Ningún alcalde lograba erradicar este antro de corrupción y miseria. Eso sí: todos pensaban hacerlo, pero aplazaban la idea. Le tenían miedo a enfrentar el problema social que se escondía en las casuchas donde vegetaba la peor crápula de la ciudad, compuesta por 14.000 personas sin Dios y sin ley. Esa degradación humana arruinó la calidad de un barrio que en viejas épocas fue habitado por familias distinguidas, en casonas confortables, y que más tarde pasó a ser una plaza de mercado y luego un paradero de buses. Al amparo del deterioro constante llegaron los rateros y los vagabundos.
Quedaba la familia Flórez Peña, dedicada al negocio de cafeterías. Quince años atrás, el marido abandonó a María del Carmen, su mujer, y ésta pudo subsistir gracias a su destreza para vender comidas y cigarrillos. Después montó una cafetería cerca al paradero de buses, y como poseía habilidad para hacer crecer el capital, también instaló una venta de dulces y ponqués. Gracias a esas actividades, pudo levantar a sus numerosos hijos, y éstos, a medida que crecían, entraban a fortalecer las finanzas del hogar. Ahora la casa ha sido derrumbada por la retroexcavadora, dentro de un operativo de 200 hombres de la Policía que se presentaron a clausurar los últimos vestigios de El Cartucho.
Fue el alcalde Peñalosa quien se atrevió a extirpar este foco de inmundicia social y urbana que se había dejado avanzar hasta extremos inconcebibles. Recuerdan los bogotanos que aquí tenía montado su imperio un comerciante de la droga, a quien se veneraba como el amo del barrio, y que un día cayó abatido en la vía pública. La ley de la bala y el cuchillo imponía su mando del terror y la muerte, y era normal que las pandillas se exterminaran entre sí y que no pocos desechables quedaran silenciados en las calles fantasmales.
Territorio diabólico al que no se podía penetrar, so riesgo de perder las pertenencias y la vida. Cuando el alcalde Peñalosa ordenó el desalojo e inició la tarea de demolición, el orden público se alteró de inmediato, de manera peligrosa. Pero la Alcaldía no echó marcha atrás. Y hoy ha caído la última casa, la de la familia Flórez Peña, que representaba un símbolo del trabajo honrado en medio de la descomposición general. Fue preciso arrasar el barrio, como si se tratara de una acción hitleriana, para luego purificar el ambiente y poner los cimientos para el parque público Tercer Milenio. La ‘olla’ del vicio se cambiará por un terreno de flores. De esta manera se rehabilitará un valioso sector deprimido de Bogotá, y con el tiempo será posible encontrar un barrio decoroso.

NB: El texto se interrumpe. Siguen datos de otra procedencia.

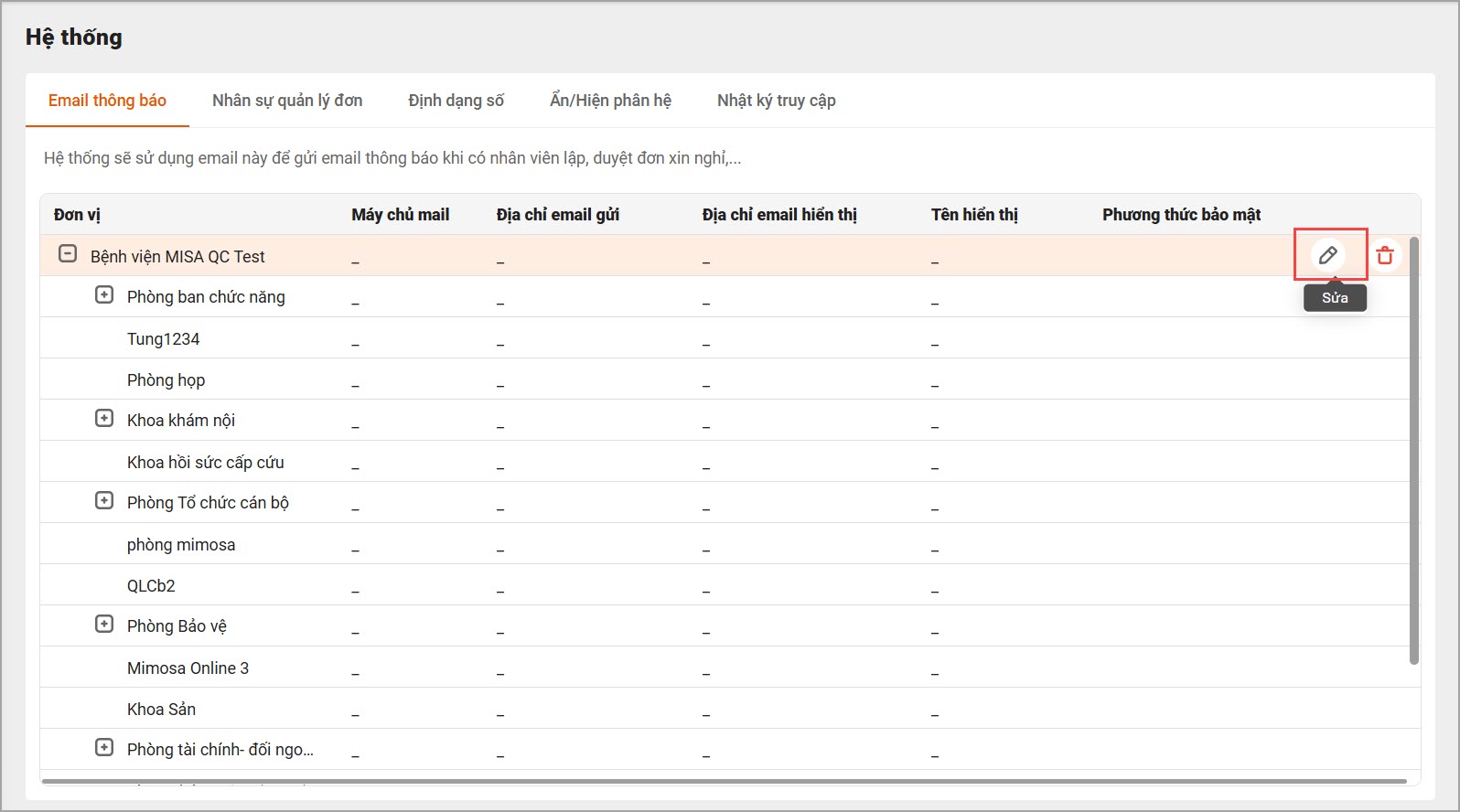 – Khi mới sử dụng phần mềm, chương trình sẽ để trống cấu hình mail tại tất cả đơn vị. Nhấn nút Sửa tại từng dòng để thiết lập cấu hình mail:

Ahora viene la pregunta fundamental: ¿Se ha remediado el problema, el verdadero problema, que es el social? Los ‘ñeros´se desplazaron con su basuco, su marihuana y su alma envenenada a otros sectores de la ciudad. Pero el programa de demolición no contempló la rehabilitación de los moradores. El hombre es el que menos ha contado: ha sido más importante la readecuación de de la zona.
Para que la acción oficial sea completa, se requiere que a estos parias de la sociedad se les ubique en sitio digno, se les proporcionen medios de trabajo y se les encarrile hacia la vida decente. De no ser así, como parece que no lo es, lo único que se ha logrado es que el mal se repliegue a otros lugares, donde volverá a crecer la mala yerba. Dicho en otra forma, se echó tierra -al paso de la retroexcavadora- a unas raíces de fácil germinación en otros predios.